部活に遅れていくと寿先輩の姿がなかった。
すぐに、嫌な予感がした。
ずっと俺が迎えに行ってたのに、いなくなったら…

「及川さん」
「国見?どうしたの〜?」
「寿先輩は?」
「…サボり、かな〜」

一瞬、哀しそうな顔になってから、いつもの飄々とした雰囲気に戻る。

「男の人と帰ってるの見たって女の子が」
「及川さん、それを信じたんですか?」
「え?」

及川さんは、気づいてないのか?
あんなにボロボロになりながら、バレー部を庇ってる先輩を。
先輩が男のために部活をサボる人かどうかなんて、考えなくてもわかる。

「寿先輩が、そんな人だと思うんですか?」
「それは…」
「自分を犠牲にして、バレー部を守るような人が…そんなことすると思うんですか?」

及川さんの肩が揺れた。

「…何か、知ってるんだよね?国見」
「知ってます。けど、言いません」
「なんで?」
「言わないでって、言われました。けど、先輩も気づいているんですよね」

及川さんは頷いた。

「怪我してるとかは、知ってる。原因は俺のファンだろうってことも分かってる」
「なら、なんで助けようとしないんですか…」
「それを、望んでくれないから」

哀しそうに、笑った。
この人、こんな顔するんだ…

「助けたいよ。俺のせいだから尚更だ。バレー部に呼んだのも俺だ。だから、責任は俺にある」
「なら…」
「けど、言われたんだよね。寿サンに『たとえ、何がその瞳に映っても前だけ見て勝ち続けて』って」

寿先輩らしい言葉に、溜息しか出ない。

「先輩らしいですね」
「そうだよね〜…そんなこと、出来るわけないのに」

困ったように眉を寄せ及川さん。

「帰ったとは、思ってないし思いたくない」
「帰ってないと思います」
「うん。けど、俺は助けに行けない。

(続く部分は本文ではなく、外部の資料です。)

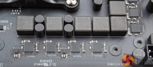 The next four phases which supply the SOC voltage are the same in terms of one choke and one IR3555 unit but also have two IR3599 phase doublers than turn two phases from the IR35201 controller into four phases for the motherboard's VRM.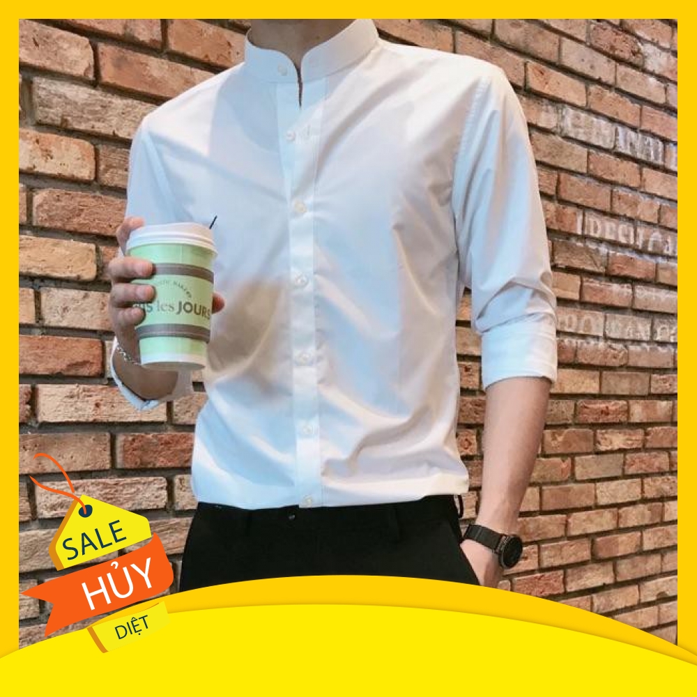 (CHỈ 3 NGÀY) Sơ mi nam cổ tàu Màu Trắng loại đẹp dáng ôm body hàn quốc,không nhăn - Dài tay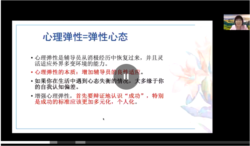 本次培训由李焰、马喜亭等多位国内专家主讲,包括《疫情下高校辅导员如何拥有弹性的心态》《高校辅导员的自我关照》《心理防疫巧作为》《疫情下高校辅导员的自我心理保健》《疫情下高校辅导员关心关爱学生心理成长策略》《疫情下的心理调适与幸福人生》六大主题,从多个专业视角出发,帮助辅导员在疫情防控背景下加强自身心理建设,并为辅导员的日常工作提供了科学的建议和方法。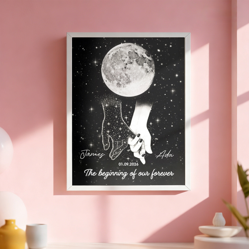 Couple Se Tenant La Main Sous La Nuit Galactique, Phase De Lune Personnalisée, Date D'anniversaire - Poster Personnalisé - Cadeau D'anniversaire Touchant, Cadeau De Saint-valentin, Cadeau De Mariage Pour Un Couple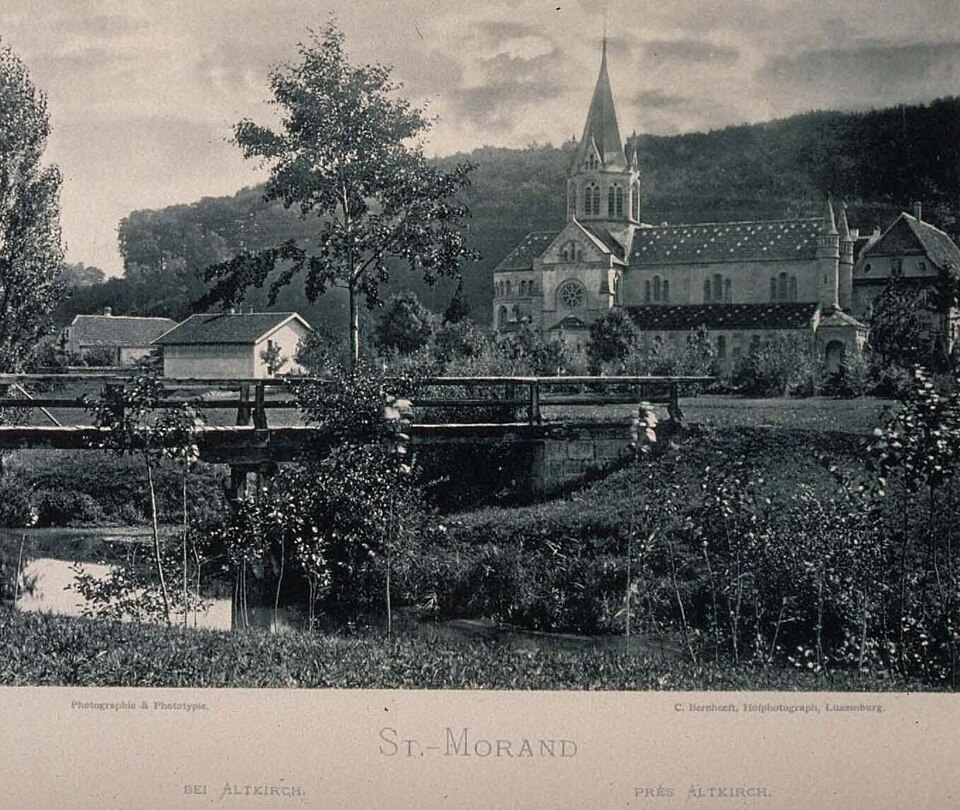 L’Hôpital Saint-Morand occupe l’emplacement de l’ancien prieuré clunisien fondé autour de 1105 par les comtes de Ferrette, à l’origine une église dédiée à saint-Christophe. Le prieuré prit rapidement le nom de Morand, moine envoyé par Cluny, qui y dirigea la communauté et mourut en 1115 ; sa tombe devint un lieu de pèlerinage et fit du sanctuaire un centre de dévotion et de donations. Au fil des siècles, le culte de saint Morand attira confréries, indulgences et mécènes, parmi lesquels des seigneurs locaux et des dynasties comme les Habsbourg, et certaines reliques circulèrent jusqu’à Vienne. La vie du prieuré fut marquée par des tensions avec les pouvoirs laïcs et ecclésiastiques, des difficultés financières et des périodes de déclin spirituel, ainsi que par des épisodes de violence et de destruction lors des guerres. Les Jésuites reçurent les bâtiments en 1621 ; après des dommages et des reconstructions au XVIIe siècle, l’essentiel du corps principal fut reconstruit au milieu du XVIIIe siècle d’après les plans de Johann Caspar Bagnato, et se distingue par un beau portail. Le site a ensuite connu des changements de main et, à la Révolution, le prieuré fut saisi comme bien national et morcelé, l’église et le cimetière restant propriété communale. La Ville d’Altkirch acquit l’ensemble au début du XIXe siècle et y installa son hôpital, ouvert en 1829, auquel furent rapidement adjoints un orphelinat et un asile pour vieillards. Les bâtiments ont été restructurés et agrandis à plusieurs reprises : élévation du fronton sud remplacée par un étage en attique, nouveaux corps ajoutés en 1934 et 1981, et constructions ou transformations annexes (orphelinat, maison de retraite, services administratifs). Il ne subsiste aucun vestige architectural médiéval apparent ; l’ancienne chapelle conventuelle, au premier étage, conserve toutefois son caractère et ses vitraux sont modernes. Le prieuré est implanté sur la plus ancienne agglomération d’Altkirch, sur une terrasse au‑dessus de l’Ill qui met les bâtiments hors d’eau. Une partie de l’ancien prieuré a été inscrite au titre des monuments historiques en 1937 et les éléments survivants sont aujourd’hui intégrés au Centre Hospitalier Saint-Morand.

俺は気付いてちゃいけないからサ。だから…」

じっと、及川さんが俺を見た。
言葉にせずとも、言いたいことはわかった。

「…探してきます」
「よろしくね〜」

いつも通り笑ったつもりなんだろうが、どこか寂しそうな及川さんに苦笑する。

「あ、見つけたらさ…帰って貰って」
「え?」
「ここに来たら危ないデショ?」

わかりました、と言って体育館から出る。
教室を片っ端から見て行って、鍵をさしたままのドアを見つけた。
そこは普段使われない資料室。
恐る恐る鍵を開けて中を見ると探していた姿があった。

「国見?」
「見つけましたよ、先輩」
「ありがとう、見つけてくれて」

いつも通りの先輩が笑う。

「何、してんですか?」
「女の子たちに閉じ込められちゃってさ。暇だったからみんなのデータのまとめを…」
「馬鹿ですか!!?なんで、ついて行くんですか…どれだけ、みんなに心配かければ気が済むんですか」

口にしないだけで、金田一も岩泉さんも心配してた。
部の中がいつもと違う雰囲気だった。
ドリンクもタオルもなくて…

「あぁ…ごめんね。いい加減に、私も我慢の限界かな」
「え?」
「なんて、嘘だよ。迷惑かけてごめんね。今日は帰るわ」

机の上のノートやルーズリーフを鞄にしまって先輩が笑う。

「ありがとね、国見」
「いえ…」
「じゃあまた明日」

ひらひらと手を振りながら歩いて行く背中を見つめて首を傾げる。

「…先輩?」

いつもと、違う。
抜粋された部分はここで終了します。